Papa leaned back in his chair and lit his pipe and puffed.

“Well, Janey, dignity is very important. Maybe some of these
girls don’t think it’s very dignified washing someone else’s laundry and emptying other people’s chamber pots. What do you think? Would you rather work in a factory or empty chamber pots?” he asked.

It made me think, an activity Papa encouraged. “Speak up, Janey; say what’s on your mind,” Papa always said.

“I don’t imagine it would be very nice to empty chamber pots,” I admitted. But I didn’t think the factory would be very nice either. The women who worked in factories had swollen ankles from standing on their feet all day.

Papa brought home books from the Library Company, where he was a member, and we read them together after supper. My favorite story was “Rip Van Winkle” by Mr. Washington Irving. Rip Van Winkle drinks too much liquor, falls asleep under a tree, and wakes up twenty years later. Rip Van Winkle greatly resembled the men of Philadelphia who spent their evenings drinking at taverns until they were senseless. It seemed a very silly activity.

“Papa,” I asked. “Why are men always drinking too much liquor and getting into trouble?”

“It is a great mystery, Janey. But”—and here Papa grinned—“it keeps your poor pa in business.”

And he was right, because sure enough, every evening after the taverns had closed, I’d be woken by some drunken fool roaring that he was bleeding to death on our front porch and would the good doctor please come out and sew him up?

Papa would let me get up and help him, and when we were
finished he would make me a glass of warm milk and honey and tuck me into bed.

“Where is my favorite daughter?” he would say, tweaking the end of my nose.

“She is right here. And she is your only daughter,” I would say with a sleepy smile, sinking into my soft, warm bed. Then I would close my eyes and dream of the sea and Mrs. Parker’s cherry pie.

Truly I was the luckiest girl in the world.

Then my luck changed. Here is how it happened.

Jebediah was Mrs. Parker’s boy and my favorite playmate. He was very clever and instructed me in all manner of useful things, such as how to throw clumps of manure at passing carriages, how to tease the butcher’s dog without being bitten, and how to spit. I am not boasting when I say I was excellent at spitting, the best in the neighborhood.

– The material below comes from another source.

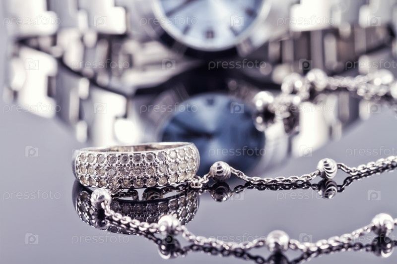 Серебряное кольцо и цепочка на фоне женских часов

“You’re better than the pigeons themselves!” Jebediah would say, awestruck at my ability to hit a gentleman’s hat from the roof without the man even noticing. There were fellows who walked around Philadelphia all day who didn’t even know that they had great gobs of spit on their hats.

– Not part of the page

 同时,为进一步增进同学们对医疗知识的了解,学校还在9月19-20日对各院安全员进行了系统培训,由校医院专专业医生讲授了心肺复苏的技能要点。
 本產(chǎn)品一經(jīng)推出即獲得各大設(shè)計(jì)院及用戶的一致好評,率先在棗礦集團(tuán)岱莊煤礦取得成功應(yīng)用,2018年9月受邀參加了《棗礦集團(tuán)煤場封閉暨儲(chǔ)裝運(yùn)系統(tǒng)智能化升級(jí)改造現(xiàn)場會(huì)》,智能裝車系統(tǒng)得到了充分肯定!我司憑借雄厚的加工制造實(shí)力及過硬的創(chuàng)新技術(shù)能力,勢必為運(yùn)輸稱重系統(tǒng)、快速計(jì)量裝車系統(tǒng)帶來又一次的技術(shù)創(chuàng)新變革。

Jebediah was a fine spitter himself, and quite adept at using the space where his two front teeth used to be to lob a fine one at passersby. He’d lost his two front teeth when he’d slipped on a pat of manure and hit a cobblestone. Papa said that while spitting was a handy skill, the teeth would likely not grow back.

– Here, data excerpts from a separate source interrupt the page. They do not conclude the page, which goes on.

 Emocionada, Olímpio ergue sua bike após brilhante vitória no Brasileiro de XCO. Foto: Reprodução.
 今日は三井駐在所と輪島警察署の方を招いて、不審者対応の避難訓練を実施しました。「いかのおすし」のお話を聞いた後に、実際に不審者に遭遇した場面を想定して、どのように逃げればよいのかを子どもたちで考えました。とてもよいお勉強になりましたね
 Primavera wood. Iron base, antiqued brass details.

The streets of Philadelphia were our playground. And how
we played! We played with the newspaper boys, and the orphans, and the stray dogs, and Papa said we should, if at all possible, be careful to avoid the alleys where people were dying from cholera. One of our favorite games was lobbing rotten apples at the old tree outside the Biddle house on Arch Street. It was a towering tree that seemed to reach to heaven itself, and we would spend hours trying to see who could hit the highest branch.

One autumn day Jebediah and I were challenged to a throwing contest by two boys from Arch Street, Horace Fink and Godfrey Hale. I am afraid that Horace was a disagreeable boy with big ears, and Godfrey Hale had a weepy eye and liked to stick his finger up his nose as if digging for gold.